Les évènements auront fait que Matthias Müller n'aura au final eu besoin que de six petits mois pour obtenir ce poste qu’il convoite depuis le printemps dernier. Il était le poulain de Ferdinand Piech, alors président du conseil de surveillance, qui l'a poussé afin de concurrencer M. Winterkorn. Mais c'est dans une toute autre circonstance de celle qu'il aurait imaginé qu'il atteint son objectif.
"Nous pouvons et nous allons surmonter cette crise", a promis le nouvel homme fort de VW, tout en s'engageant "à faire de Volkswagen une entreprise encore plus forte". Il a comme c'est l'usage rendu hommage à son prédécesseur Martin Winterkorn. Ce dernier, à la tête de VW depuis 2007, a dû se résoudre mercredi à donner sa démission tout en affirmant n'avoir jamais eu connaissance des tricheries reprochées au groupe en vue de garantir la conformité de ses moteurs aux normes anti-pollution.
Le chef du conseil de surveillance, Berthold Huber, a pour sa part qualifié l'affaire de "désastre moral et politique" pour le groupe. "Le comportement illégal d'ingénieurs et techniciens dans le développement des moteurs a choqué Volkswagen. Nous ne pouvons que nous excuser et demander aux clients, à l'opinion publique, aux autorités et aux investisseurs de nous redonner une chance de bien faire", a-t-il ajouté en se défaussant un peu rapidement sur de supposés éléments incontrôlés dans les bureaux d'études, alors que rien ne prouve à l'heure actuelle que la hiérarchie n'ait pas validé la décision d'installer le dispositif de contournement de la réglementation.
"Un petit groupe de personnes a causé un énorme préjudice" à Volkswagen, a renchéri Bernd Osterloh, représentant des salariés dans le conseil de surveillance, enfonçant ainsi un clou pour accréditer la même idée d'une responsabilité limitée à un groupe restreint, ce qui semble être l'embryon de stratégie de défense choisie par VW.

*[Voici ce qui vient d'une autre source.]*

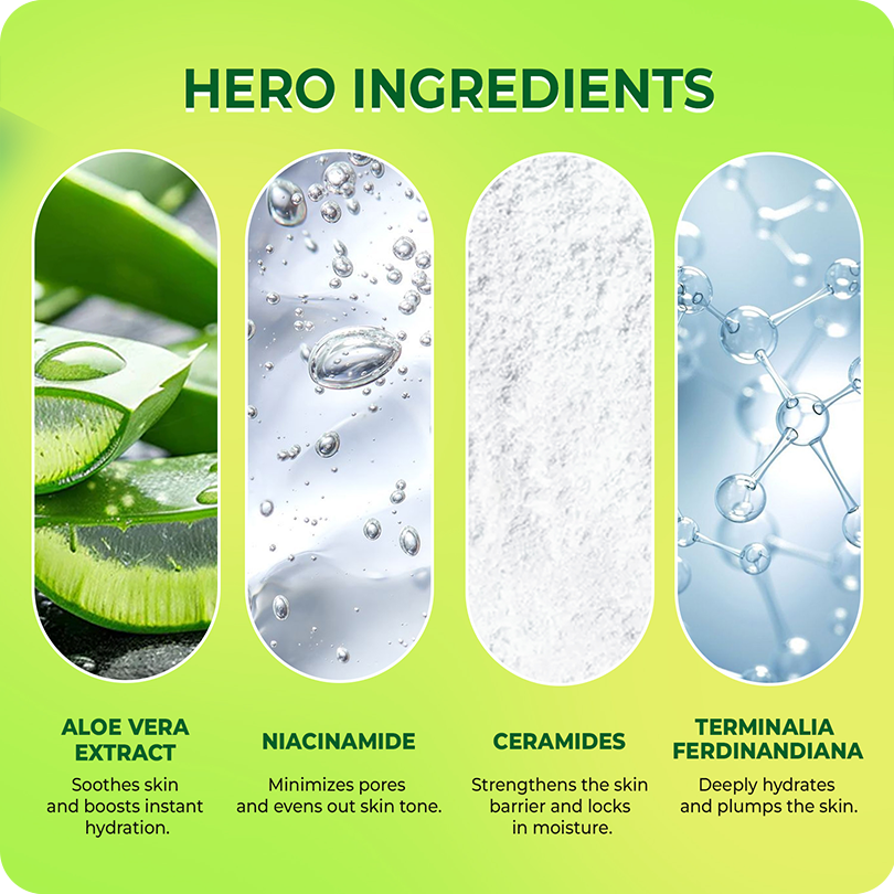 Niacinamide (Vitamin B3), Hyaluronic Acid, Copper Tripeptide-1, Aloe Barbadensis (Aloe Vera) Extract, Glycyrrhiza Glabra (Licorice) Root Extract, Terminalia Ferdinandiana (Kakadu Plum) Fruit Extract, Ceramide NP (and) Caprylic/Capric Glycerides (and) Water, Olive Oil, Capric Caprylic Triglyceride (CCTG), Glycerine, PEG-7 Glyceryl Cocoate, Propanediol, Dm Water, Polyacrylamide (and) C13-14 Isoparaffin (and) Laureth-7, Phenoxyethanol (and) Ethylhexylglycerin, Disodium EDTA, Perfume.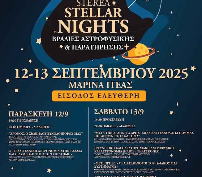 H Περιφέρεια Στερεάς Ελλάδας, σε συνεργασία με τον Δήμο Δελφών και τη Δημοτική Ενότητα Ιτέας, διοργανώνει το 4o Φεστιβάλ Αστροφυσικής και Παρατήρησης Νυχτερινού Ουρανού. Το Φεστιβάλ θα πραγματοποιηθεί το διήμερο 12 και 13 Σεπτεμβρίου στην Μαρίνα Ιτέας. Η εκδήλωση θα ξεκινήσει με την διάλεξη: “ΧΡΟΝΟΣ, Ο ΣΙΩΠΗΛΟΣ ΣΥΝΟΔΟΙΠΟΡΟΣ ΜΑΣ”, του Δρ. Αντώνιου A. Αντωνίου, Αστροφυσικού,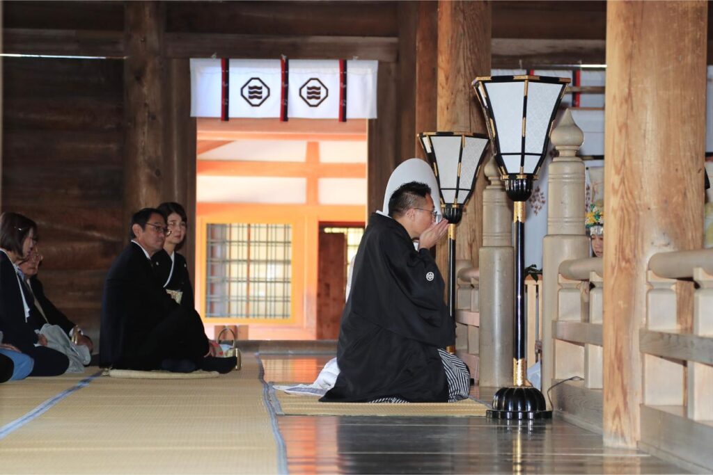 天気にも恵まれた秋晴れの日、大山祇神社にて神前式を挙げることができ、夫婦ともに生涯忘れることのない、かけがえのない一日となりました。
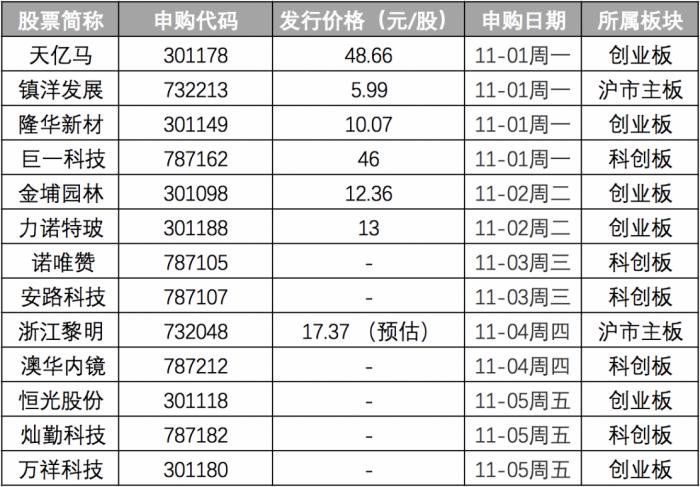 根据新股发行安排,本周(11月1日至11月5日)又有13只新股将开启申购,包括沪市主板2只(浙江黎明、镇洋发展)、科创板5只(巨一科技、诺唯赞、安路科技、澳华内镜、灿勤科技)、创业板6只(天亿马、隆华新材、金埔园林、力诺特玻、恒光股份、万祥科技),累计发行股票数量共约5.93亿股。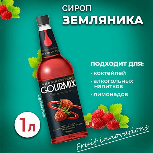 Сироп для кофе, чая и коктейлей Gourmix (Гурмикс) Земляника 1л. Для кофеен и для дома.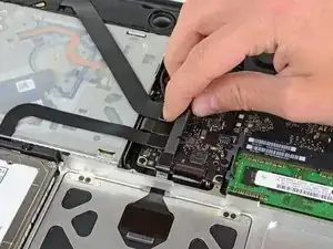 Возможно, потребуется использовать лопатку, чтобы помочь провести разъём трекпада мимо края логической платы.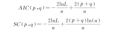 式中 AIC(p,q)、SC(p,q)——lnL 模型的对数似然函数值;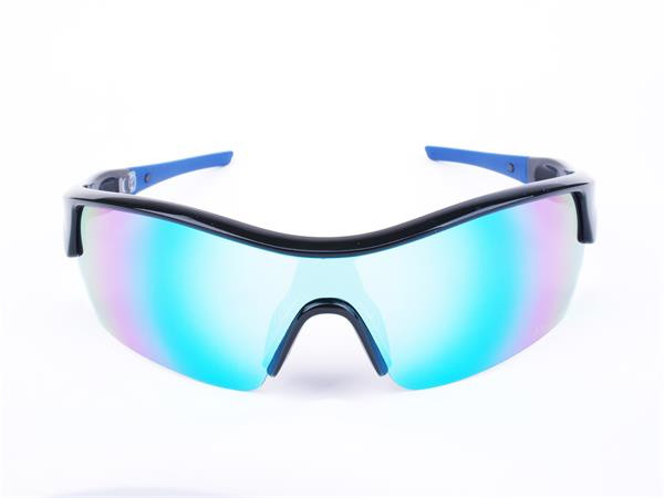 Sportnapszemüveg füstszínű polarizált lencsével, fekete műanyag kerettel, színátmenetes lencsebevonattal.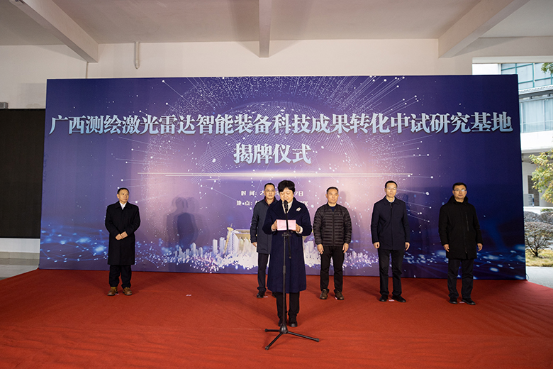 随后,出席仪式的领导共同为广西测绘激光雷达智能装备科技成果转化中试研究基地揭牌。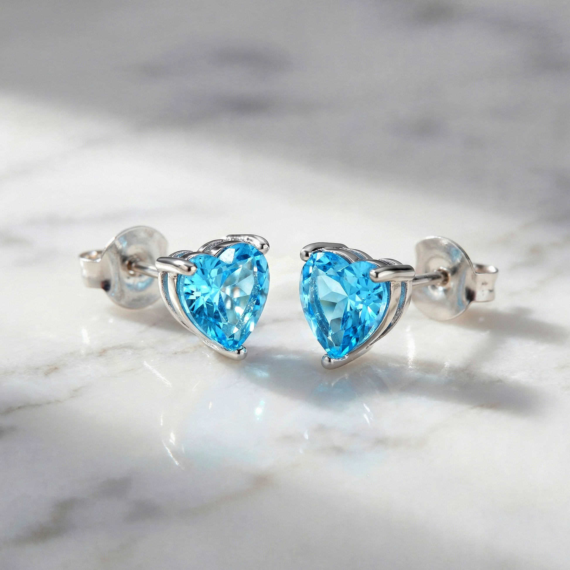 Ohrstecker 925er Silber Herz Shiny mit Zirkonia blau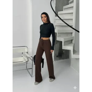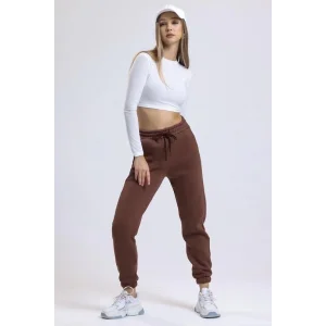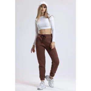 3 iplik şardonlu paça lastikli eşofman kahve is001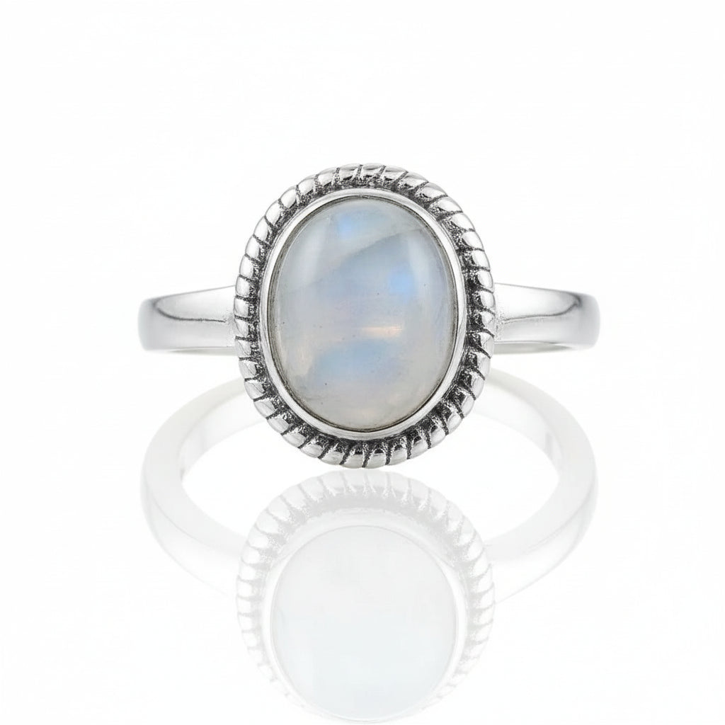 Avec un poids d’environ 3,5 g, la bague argent pierre de lune offre un bon équilibre entre finesse et présence. Elle peut se porter comme pièce centrale, ou compléter une composition de bijoux minimalistes pour un look plus moderne.
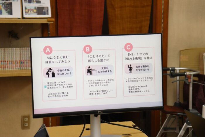 モニターには「A:AIにうまく頼む練習」「B:ことばの力で暮らしを豊かに」「C:SNS・チラシの伝わる表現を作る」と書かれたスライドが映し出され、参加者は自分の目的を設定して、いざスタートです。

Matthias Müller est un pur produit maison, entré chez Audi en 1977 comme apprenti et ayant fait toute sa carrière dans le groupe, d'abord chez Audi, où il gravit les échelons pour se retrouver chef du produit. Il a pris la roue de Martin Winterkorn, son mentor, quand celui-ci était aux commandes à Ingolstadt, et a été nommé par celui-ci responsable de la stratégie du groupe VW en 2007, avant de prendre la direction de Porsche en 2010.
Sa compétence n'est pas en doute mais certains analystes ont exprimé quelques réserves hier sur le fait que ce n'est pas avec un homme du sérail que la nécessaire révolution peut se faire et d'autre part sur son âge, 62 ans, qui signifie que la question de sa succession va intervenir rapidement alors que le groupe a besoin de stabilité pour se réformer.
De nombreuses autres décisions ont été prises lors de ce conseil d'une importance majeure pour le groupe. Parmi elles figurent les mesures prises pour mandater des avocats en Allemagne et aux Etats-Unis et de proposer l'actuel directeur financier Hans Dieter Pötsch comme nouveau chef du conseil de surveillance. Ce poste est assuré depuis le printemps de façon intérimaire par Berthold Huber, ancien président du syndicat IG Metall, à la suite du départ du patriarche Ferdinand Pïech.
Le conseil de surveillance a également fait tomber des têtes. Le directeur des ventes du groupe, Christian Klingler, quitte pour sa part immédiatement l'entreprise. Michael Horn, le patron de VW aux Etats-Unis, reste à son poste alors que Winfried Vahland, le PDG de Skoda, devient le chef d'une nouvelle structure qui regroupe les unités américaine, canadienne et mexicaines du groupe. Il est remplacé à la tête de Skoda par Jürgen Stackmann, le président de Seat, lui-même remplacé par Luca De Meo, actuellement en charge de la vente chez Audi.
Rappelons, comme nous l'indiquions hier, que la presse allemande s'attend également à voir sauter les responsables de la recherche et développement d’Audi et Porsche, Ulrich Hackenberg et Wolfgang Hatz, ainsi que Heinz-Jakob Neusser, le directeur du développement de la marque VW.